START Provided records

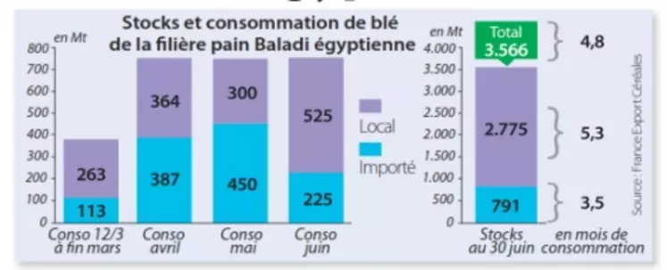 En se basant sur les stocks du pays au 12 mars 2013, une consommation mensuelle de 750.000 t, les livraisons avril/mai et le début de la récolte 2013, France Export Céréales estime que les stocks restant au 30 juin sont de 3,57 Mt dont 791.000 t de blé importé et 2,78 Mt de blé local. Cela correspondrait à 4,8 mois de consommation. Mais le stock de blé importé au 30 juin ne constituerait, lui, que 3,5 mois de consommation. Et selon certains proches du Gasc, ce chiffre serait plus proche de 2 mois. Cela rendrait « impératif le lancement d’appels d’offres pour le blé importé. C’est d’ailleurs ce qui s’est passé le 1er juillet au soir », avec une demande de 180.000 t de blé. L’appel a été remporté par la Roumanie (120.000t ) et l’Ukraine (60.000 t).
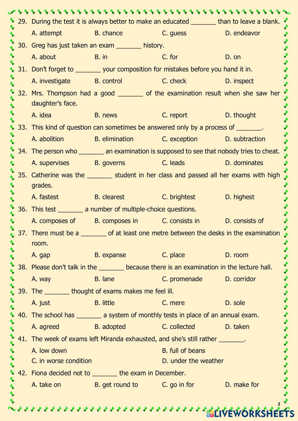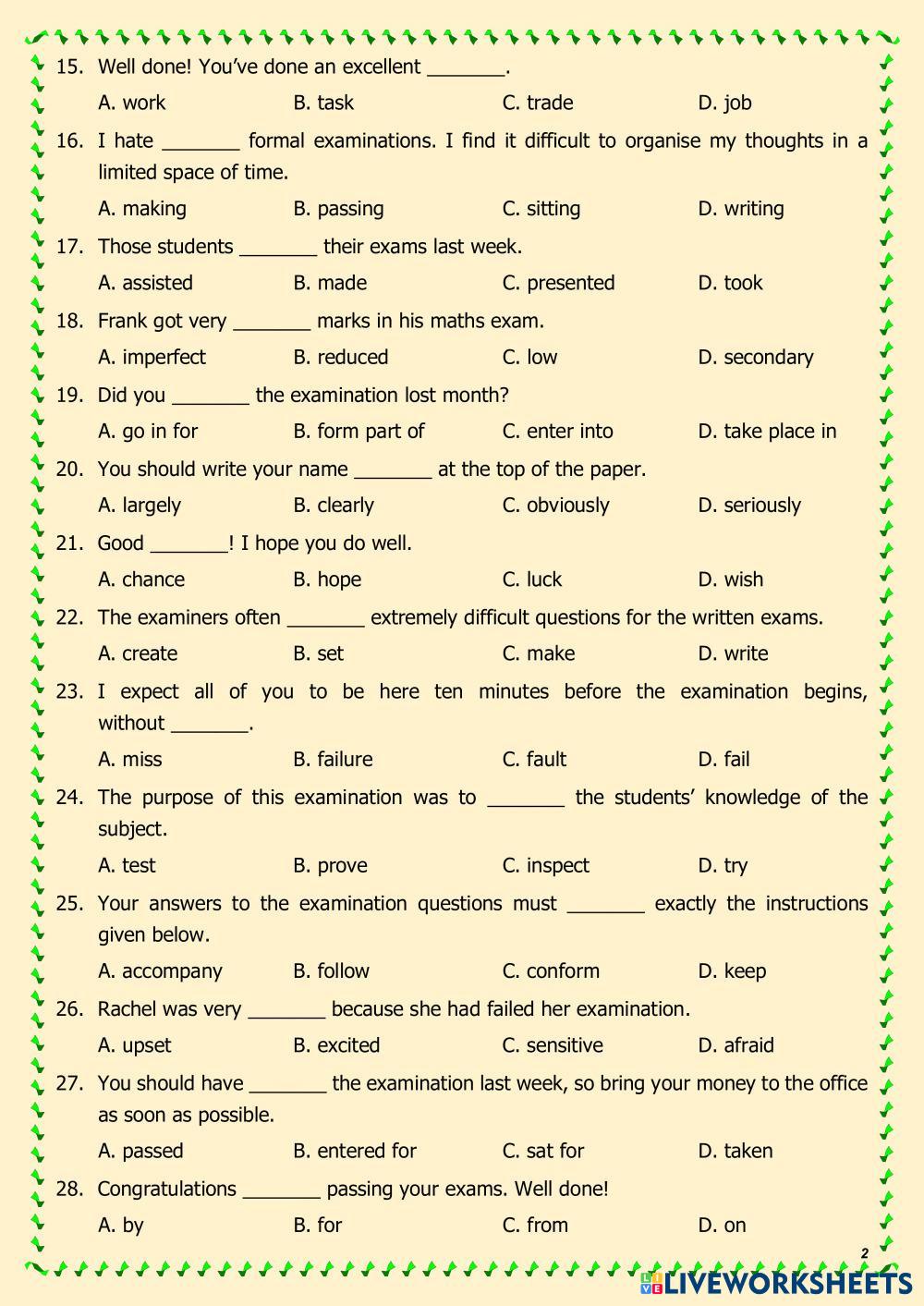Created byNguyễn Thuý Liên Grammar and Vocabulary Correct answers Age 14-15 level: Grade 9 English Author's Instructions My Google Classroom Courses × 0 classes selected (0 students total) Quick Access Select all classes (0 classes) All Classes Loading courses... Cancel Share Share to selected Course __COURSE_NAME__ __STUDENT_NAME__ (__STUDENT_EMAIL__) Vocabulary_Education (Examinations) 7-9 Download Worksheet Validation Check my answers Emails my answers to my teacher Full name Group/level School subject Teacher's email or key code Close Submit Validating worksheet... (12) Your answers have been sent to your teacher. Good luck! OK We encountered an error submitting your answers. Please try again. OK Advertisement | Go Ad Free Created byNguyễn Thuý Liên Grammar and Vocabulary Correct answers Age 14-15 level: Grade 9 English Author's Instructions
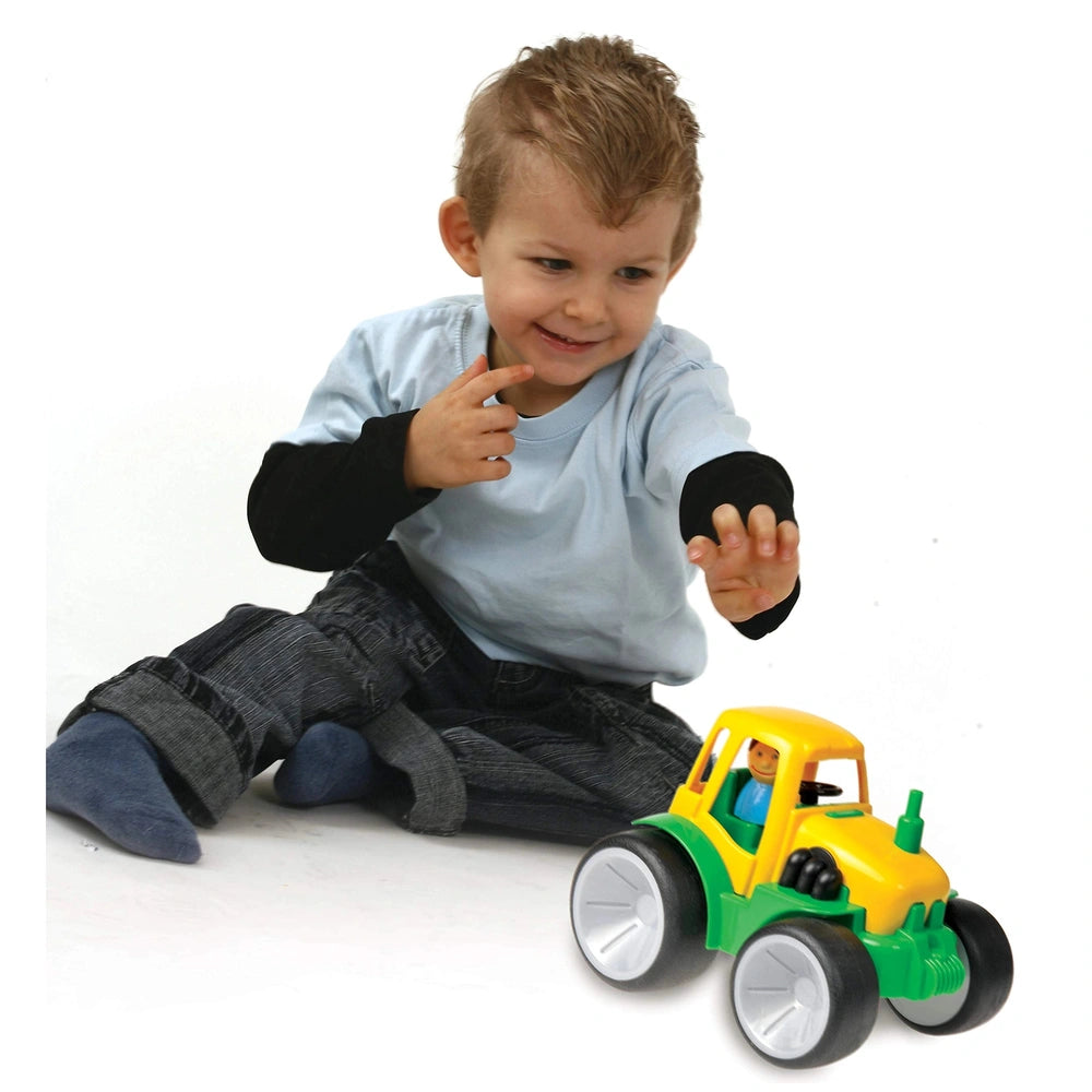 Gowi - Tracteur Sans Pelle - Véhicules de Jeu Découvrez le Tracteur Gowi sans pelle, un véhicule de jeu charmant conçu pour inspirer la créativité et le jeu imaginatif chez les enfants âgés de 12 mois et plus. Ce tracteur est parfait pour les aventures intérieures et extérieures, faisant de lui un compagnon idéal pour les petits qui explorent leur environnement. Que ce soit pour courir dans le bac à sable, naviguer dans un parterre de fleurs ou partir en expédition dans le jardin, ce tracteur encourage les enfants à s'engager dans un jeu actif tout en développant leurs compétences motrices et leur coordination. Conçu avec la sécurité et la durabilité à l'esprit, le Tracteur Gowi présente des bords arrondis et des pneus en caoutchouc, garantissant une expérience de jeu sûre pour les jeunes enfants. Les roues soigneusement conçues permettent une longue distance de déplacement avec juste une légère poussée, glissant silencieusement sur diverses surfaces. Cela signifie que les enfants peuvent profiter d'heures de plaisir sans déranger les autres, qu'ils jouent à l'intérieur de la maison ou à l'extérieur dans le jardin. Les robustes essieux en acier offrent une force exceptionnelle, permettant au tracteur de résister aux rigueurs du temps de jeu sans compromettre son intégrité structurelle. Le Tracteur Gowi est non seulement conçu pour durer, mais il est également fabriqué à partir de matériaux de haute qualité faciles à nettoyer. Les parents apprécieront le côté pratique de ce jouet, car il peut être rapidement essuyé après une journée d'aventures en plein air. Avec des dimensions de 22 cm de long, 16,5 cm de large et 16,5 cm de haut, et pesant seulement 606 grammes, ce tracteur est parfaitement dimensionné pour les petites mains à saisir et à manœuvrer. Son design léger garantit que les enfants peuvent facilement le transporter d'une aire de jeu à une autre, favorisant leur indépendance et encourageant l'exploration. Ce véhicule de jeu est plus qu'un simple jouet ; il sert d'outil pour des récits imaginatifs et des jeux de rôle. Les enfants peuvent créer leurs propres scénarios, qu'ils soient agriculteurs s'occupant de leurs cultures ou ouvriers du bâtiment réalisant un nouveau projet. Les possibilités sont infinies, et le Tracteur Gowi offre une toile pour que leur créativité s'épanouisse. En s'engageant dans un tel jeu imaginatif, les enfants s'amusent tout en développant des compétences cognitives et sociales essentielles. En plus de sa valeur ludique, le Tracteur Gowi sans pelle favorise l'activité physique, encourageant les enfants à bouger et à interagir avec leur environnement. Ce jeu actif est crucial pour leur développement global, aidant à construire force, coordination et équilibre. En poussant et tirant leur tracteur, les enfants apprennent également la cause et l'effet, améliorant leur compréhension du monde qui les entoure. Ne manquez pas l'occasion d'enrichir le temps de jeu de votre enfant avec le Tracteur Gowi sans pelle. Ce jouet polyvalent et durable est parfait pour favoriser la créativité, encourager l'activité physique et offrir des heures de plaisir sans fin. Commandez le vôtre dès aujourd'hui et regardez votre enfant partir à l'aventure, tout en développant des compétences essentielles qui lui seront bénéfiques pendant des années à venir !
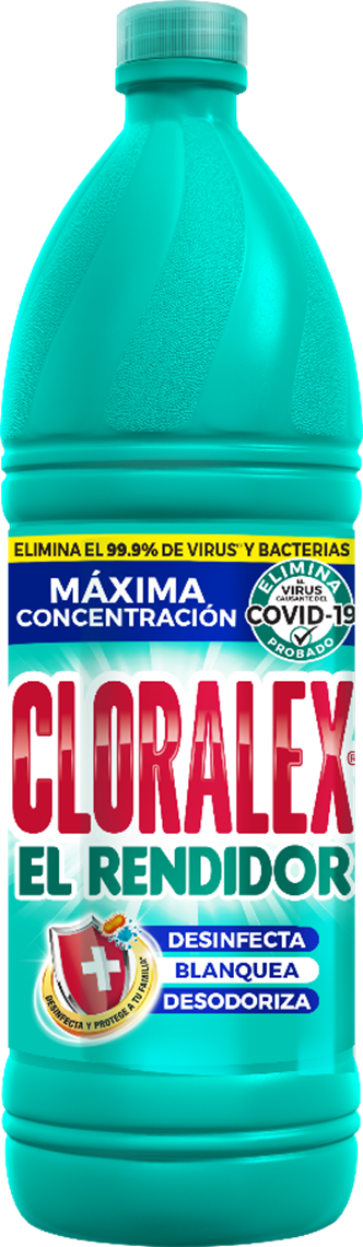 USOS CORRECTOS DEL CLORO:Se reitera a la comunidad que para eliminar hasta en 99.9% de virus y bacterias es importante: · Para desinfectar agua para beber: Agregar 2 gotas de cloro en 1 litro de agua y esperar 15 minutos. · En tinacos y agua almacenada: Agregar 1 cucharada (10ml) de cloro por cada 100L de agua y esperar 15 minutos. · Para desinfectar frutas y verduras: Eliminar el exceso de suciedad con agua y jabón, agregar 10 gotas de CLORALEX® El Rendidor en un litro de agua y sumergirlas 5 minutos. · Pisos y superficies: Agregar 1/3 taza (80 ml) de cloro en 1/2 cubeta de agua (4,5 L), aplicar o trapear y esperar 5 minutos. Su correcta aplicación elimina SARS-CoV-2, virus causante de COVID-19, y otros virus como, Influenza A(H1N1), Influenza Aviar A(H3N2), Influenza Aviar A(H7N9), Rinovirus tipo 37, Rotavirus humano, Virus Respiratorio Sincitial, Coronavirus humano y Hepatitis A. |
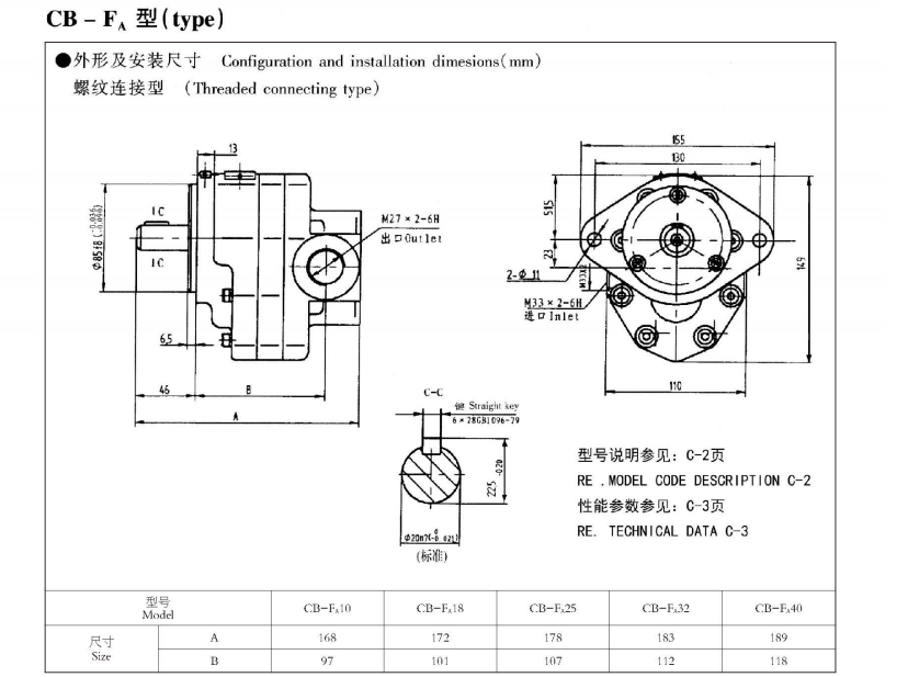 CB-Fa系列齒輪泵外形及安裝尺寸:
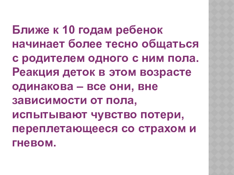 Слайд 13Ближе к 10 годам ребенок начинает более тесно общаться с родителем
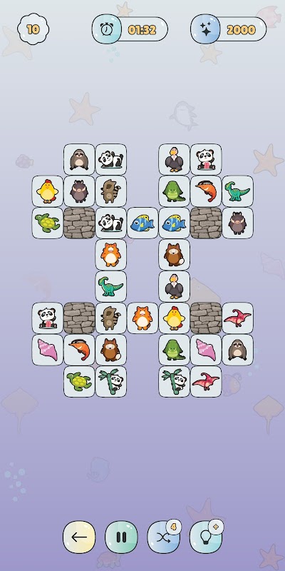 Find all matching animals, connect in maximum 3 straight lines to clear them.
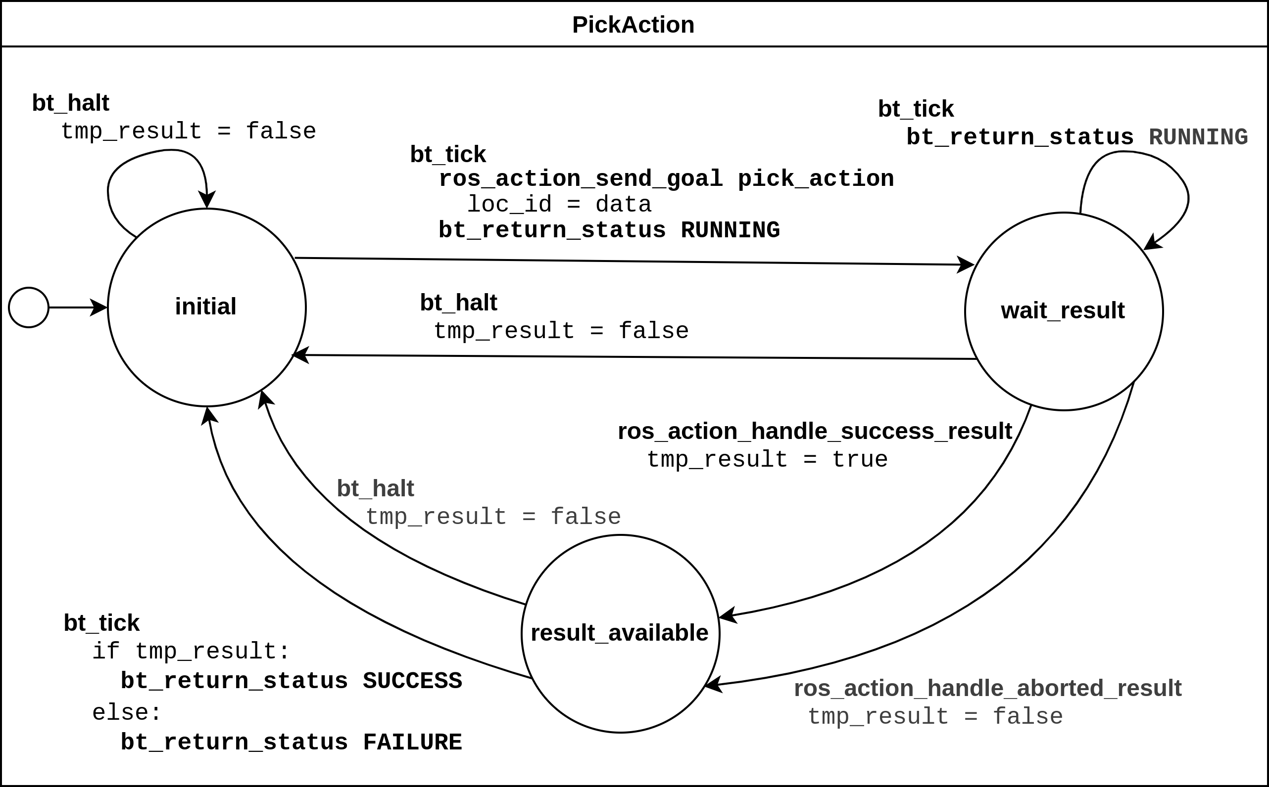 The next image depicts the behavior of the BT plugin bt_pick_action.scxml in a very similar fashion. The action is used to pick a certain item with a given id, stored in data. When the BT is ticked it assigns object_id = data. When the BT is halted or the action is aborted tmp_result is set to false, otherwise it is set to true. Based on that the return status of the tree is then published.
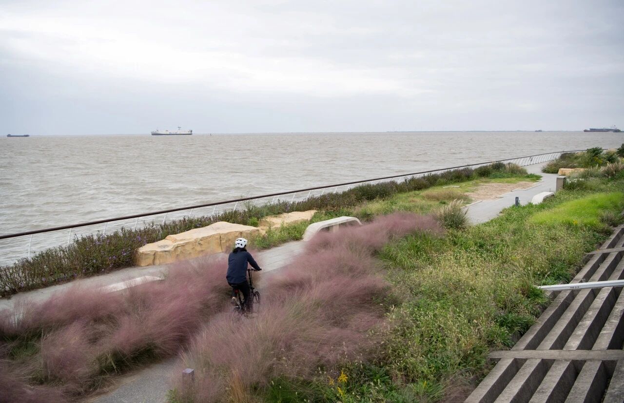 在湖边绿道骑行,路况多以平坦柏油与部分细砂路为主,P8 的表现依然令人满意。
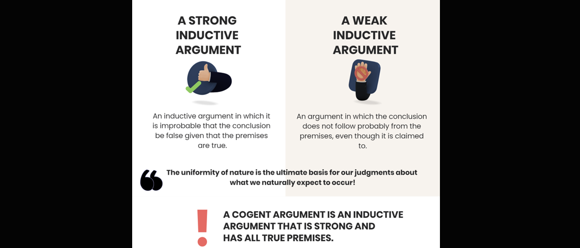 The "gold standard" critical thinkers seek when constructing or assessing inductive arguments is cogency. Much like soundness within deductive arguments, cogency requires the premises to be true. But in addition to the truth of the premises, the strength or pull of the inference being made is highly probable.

END Provided records

Work required:
Could you reproduce the entries verbatim, leaving out all pictures?

Task answer:
 En se basant sur les stocks du pays au 12 mars 2013, une consommation mensuelle de 750.000 t, les livraisons avril/mai et le début de la récolte 2013, France Export Céréales estime que les stocks restant au 30 juin sont de 3,57 Mt dont 791.000 t de blé importé et 2,78 Mt de blé local. Cela correspondrait à 4,8 mois de consommation. Mais le stock de blé importé au 30 juin ne constituerait, lui, que 3,5 mois de consommation. Et selon certains proches du Gasc, ce chiffre serait plus proche de 2 mois. Cela rendrait « impératif le lancement d’appels d’offres pour le blé importé. C’est d’ailleurs ce qui s’est passé le 1er juillet au soir », avec une demande de 180.000 t de blé. L’appel a été remporté par la Roumanie (120.000t ) et l’Ukraine (60.000 t).
Created byNguyễn Thuý Liên Grammar and Vocabulary Correct answers Age 14-15 level: Grade 9 English Author's Instructions My Google Classroom Courses × 0 classes selected (0 students total) Quick Access Select all classes (0 classes) All Classes Loading courses... Cancel Share Share to selected Course __COURSE_NAME__ __STUDENT_NAME__ (__STUDENT_EMAIL__) Vocabulary_Education (Examinations) 7-9 Download Worksheet Validation Check my answers Emails my answers to my teacher Full name Group/level School subject Teacher's email or key code Close Submit Validating worksheet... (12) Your answers have been sent to your teacher. Good luck! OK We encountered an error submitting your answers. Please try again. OK Advertisement | Go Ad Free Created byNguyễn Thuý Liên Grammar and Vocabulary Correct answers Age 14-15 level: Grade 9 English Author's Instructions
 Gowi - Tracteur Sans Pelle - Véhicules de Jeu Découvrez le Tracteur Gowi sans pelle, un véhicule de jeu charmant conçu pour inspirer la créativité et le jeu imaginatif chez les enfants âgés de 12 mois et plus. Ce tracteur est parfait pour les aventures intérieures et extérieures, faisant de lui un compagnon idéal pour les petits qui explorent leur environnement. Que ce soit pour courir dans le bac à sable, naviguer dans un parterre de fleurs ou partir en expédition dans le jardin, ce tracteur encourage les enfants à s'engager dans un jeu actif tout en développant leurs compétences motrices et leur coordination. Conçu avec la sécurité et la durabilité à l'esprit, le Tracteur Gowi présente des bords arrondis et des pneus en caoutchouc, garantissant une expérience de jeu sûre pour les jeunes enfants. Les roues soigneusement conçues permettent une longue distance de déplacement avec juste une légère poussée, glissant silencieusement sur diverses surfaces. Cela signifie que les enfants peuvent profiter d'heures de plaisir sans déranger les autres, qu'ils jouent à l'intérieur de la maison ou à l'extérieur dans le jardin. Les robustes essieux en acier offrent une force exceptionnelle, permettant au tracteur de résister aux rigueurs du temps de jeu sans compromettre son intégrité structurelle. Le Tracteur Gowi est non seulement conçu pour durer, mais il est également fabriqué à partir de matériaux de haute qualité faciles à nettoyer. Les parents apprécieront le côté pratique de ce jouet, car il peut être rapidement essuyé après une journée d'aventures en plein air. Avec des dimensions de 22 cm de long, 16,5 cm de large et 16,5 cm de haut, et pesant seulement 606 grammes, ce tracteur est parfaitement dimensionné pour les petites mains à saisir et à manœuvrer. Son design léger garantit que les enfants peuvent facilement le transporter d'une aire de jeu à une autre, favorisant leur indépendance et encourageant l'exploration. Ce véhicule de jeu est plus qu'un simple jouet ; il sert d'outil pour des récits imaginatifs et des jeux de rôle. Les enfants peuvent créer leurs propres scénarios, qu'ils soient agriculteurs s'occupant de leurs cultures ou ouvriers du bâtiment réalisant un nouveau projet. Les possibilités sont infinies, et le Tracteur Gowi offre une toile pour que leur créativité s'épanouisse. En s'engageant dans un tel jeu imaginatif, les enfants s'amusent tout en développant des compétences cognitives et sociales essentielles. En plus de sa valeur ludique, le Tracteur Gowi sans pelle favorise l'activité physique, encourageant les enfants à bouger et à interagir avec leur environnement. Ce jeu actif est crucial pour leur développement global, aidant à construire force, coordination et équilibre. En poussant et tirant leur tracteur, les enfants apprennent également la cause et l'effet, améliorant leur compréhension du monde qui les entoure. Ne manquez pas l'occasion d'enrichir le temps de jeu de votre enfant avec le Tracteur Gowi sans pelle. Ce jouet polyvalent et durable est parfait pour favoriser la créativité, encourager l'activité physique et offrir des heures de plaisir sans fin. Commandez le vôtre dès aujourd'hui et regardez votre enfant partir à l'aventure, tout en développant des compétences essentielles qui lui seront bénéfiques pendant des années à venir !
 USOS CORRECTOS DEL CLORO:Se reitera a la comunidad que para eliminar hasta en 99.9% de virus y bacterias es importante: · Para desinfectar agua para beber: Agregar 2 gotas de cloro en 1 litro de agua y esperar 15 minutos. · En tinacos y agua almacenada: Agregar 1 cucharada (10ml) de cloro por cada 100L de agua y esperar 15 minutos. · Para desinfectar frutas y verduras: Eliminar el exceso de suciedad con agua y jabón, agregar 10 gotas de CLORALEX® El Rendidor en un litro de agua y sumergirlas 5 minutos. · Pisos y superficies: Agregar 1/3 taza (80 ml) de cloro en 1/2 cubeta de agua (4,5 L), aplicar o trapear y esperar 5 minutos. Su correcta aplicación elimina SARS-CoV-2, virus causante de COVID-19, y otros virus como, Influenza A(H1N1), Influenza Aviar A(H3N2), Influenza Aviar A(H7N9), Rinovirus tipo 37, Rotavirus humano, Virus Respiratorio Sincitial, Coronavirus humano y Hepatitis A. |
 CB-Fa系列齒輪泵外形及安裝尺寸:
 Слайд 13Ближе к 10 годам ребенок начинает более тесно общаться с родителем
 Find all matching animals, connect in maximum 3 straight lines to clear them.
 The next image depicts the behavior of the BT plugin bt_pick_action.scxml in a very similar fashion. The action is used to pick a certain item with a given id, stored in data. When the BT is ticked it assigns object_id = data. When the BT is halted or the action is aborted tmp_result is set to false, otherwise it is set to true. Based on that the return status of the tree is then published.
 在湖边绿道骑行,路况多以平坦柏油与部分细砂路为主,P8 的表现依然令人满意。
 The "gold standard" critical thinkers seek when constructing or assessing inductive arguments is cogency. Much like soundness within deductive arguments, cogency requires the premises to be true. But in addition to the truth of the premises, the strength or pull of the inference being made is highly probable.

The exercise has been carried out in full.